▶ _Exercise aim_:
Copy out exactly the lines from the one containing "3 figurines M&M's" to the last line of the records below, both included, and leave out any pictures.

▶ _Source material_:
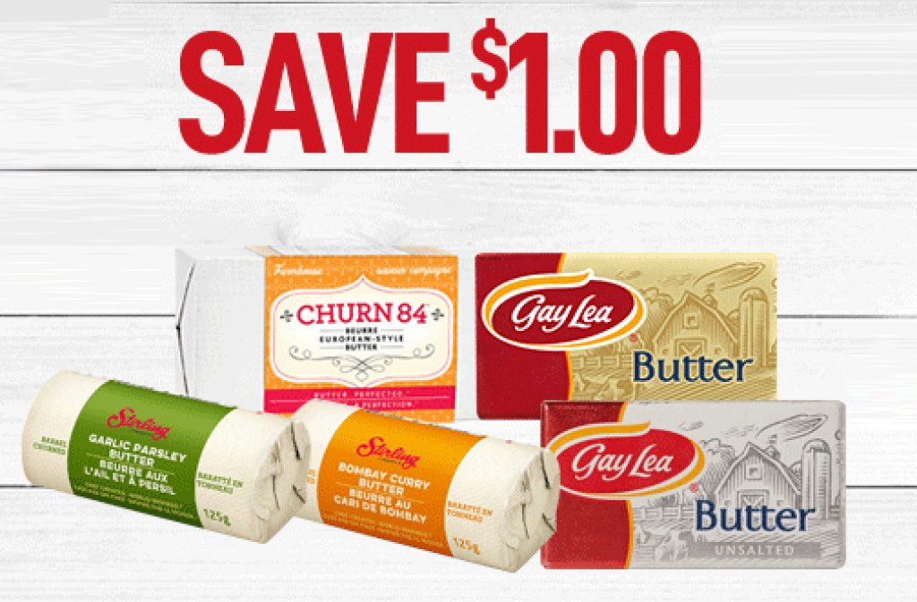 Within the email is a link to claim a Canadian Coupon for $1 off any Gay Lea butter, Stirling or Churn 84 Product.
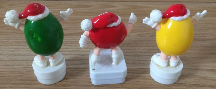 3 figurines M&M's bouchons de tubes de Noël Mr. Green, Red & Yellow Vintage début des années 1990 Possibilité d'acheter en lot ou à l'unité En livraison ou remise en main propre sur Montpellier
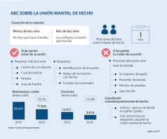 Lo primero que hay que tener en cuenta es que, en la ley, están contemplados dos tipos de sociedades en las relaciones sentimentales: la conyugal, que es la comunidad de bienes que se constituye entre los cónyuges por el matrimonio; y la patrimonial de hecho, que es la comunidad de bienes que se constituye entre los compañeros permanentes cuando la unión marital de hecho dura más dos años.
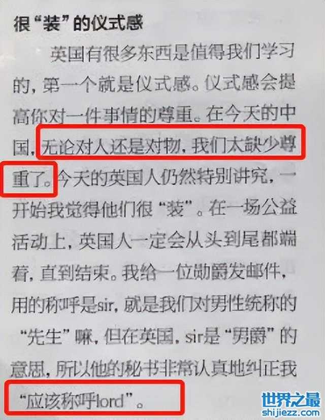 “中国人太缺少尊重了,我给一位勋爵发邮件,用的称呼是Sir,她的秘书非常认真地纠正我应该称呼Lord。”
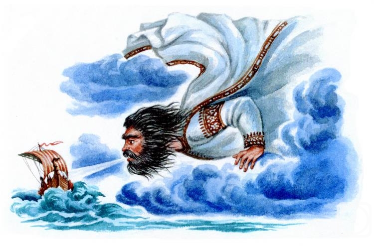 ВНЕШНИЙ ВИД: Посвист имел вид свирепый, волосы и бороду всклокоченные, крылатые распахнутые одеяния. С его бороды лили проливные дожди, из уст исходили туманы. Стоило Посвисту тряхнуть волосами, как на землю валил крупный град. Вместо плаща влачились за ним ветры, а с полы его одежды валил хлопьями снег.

▶ _Answer_:
 3 figurines M&M's bouchons de tubes de Noël Mr. Green, Red & Yellow Vintage début des années 1990 Possibilité d'acheter en lot ou à l'unité En livraison ou remise en main propre sur Montpellier
 Lo primero que hay que tener en cuenta es que, en la ley, están contemplados dos tipos de sociedades en las relaciones sentimentales: la conyugal, que es la comunidad de bienes que se constituye entre los cónyuges por el matrimonio; y la patrimonial de hecho, que es la comunidad de bienes que se constituye entre los compañeros permanentes cuando la unión marital de hecho dura más dos años.
 “中国人太缺少尊重了,我给一位勋爵发邮件,用的称呼是Sir,她的秘书非常认真地纠正我应该称呼Lord。”
 ВНЕШНИЙ ВИД: Посвист имел вид свирепый, волосы и бороду всклокоченные, крылатые распахнутые одеяния. С его бороды лили проливные дожди, из уст исходили туманы. Стоило Посвисту тряхнуть волосами, как на землю валил крупный град. Вместо плаща влачились за ним ветры, а с полы его одежды валил хлопьями снег.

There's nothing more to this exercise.